Davanti a dichiarazioni come questa, viene fin troppo facile dire: sì, avete perfettamente ragione. Senza nemmeno arrivare ad affermare che chiunque di noi feticisti della carta stampata che si sente fidelizzato ad un magazine punta a sbandierarne la copertina sotto gli occhi di tutti, ognuno di noi vorrebbe almeno avere una libreria ben organizzata che colpisca il visitatore di casa nostra, del nostro studio, del nostro ufficio (e forse a Monocle dovrebbero ricredersi anche sulla raccolta di CD: in fondo, pur se supporti contenenti informazioni digitali, sono fisici). Certo è che poi si ritorna sempre alla solita vecchia questione, al netto degli arredamenti e della fighezza — e cioè del feticismo:

Because our appreciation of the physical object, something you can hold, touch, smell and enjoy, will always remain in some form or other.

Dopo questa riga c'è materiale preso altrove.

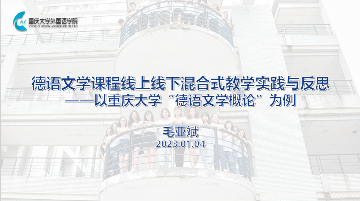 1月4日,德语语言文学文化教研室开展专题教学研讨会,会议由教研室主任向璐老师主持,由毛亚斌老师主讲,此次研讨会着眼于为一流课程建设做准备,其主题为“德语文学课程线上线下混合式教学实践与反思——以小黄书

E allora partono i distinguo: il giornale quotidiano lo butto via alla sera; il romanzo lo leggo e poi non ci arredo il tavolino da caffé. Nessuno si sognerebbe di comprare un catalogo Phaidon per iPad — ma ne producono, tra l’altro? E’ possibile — il successo di Monocle d’altronde lo dimostra — portare avanti l’idea di una pubblicazione cartacea di valore: ben scritta, ben illustrata, ben argomentata, ben impaginata e ben stampata. La cosa, per quanto mi riguarda, non perde nemmeno un grammo del suo fascino all’avanzare delle tecnologie di digital publishing. Lo ammetto: mi schiero tra coloro i quali, avessero qualche soldino da spendere, avvierebbero una pubblicazione cartacea. E che annusano i libri e le riviste, soprattutto quelli stampati su carta favolosa. E che ritengono Monocle facente parte di quest’ultima categoria.

Però, ecco, non so come dire: non c’è bisogno di raffigurarsi sempre come gli ultimi giapponesi della pubblicazione cartacea.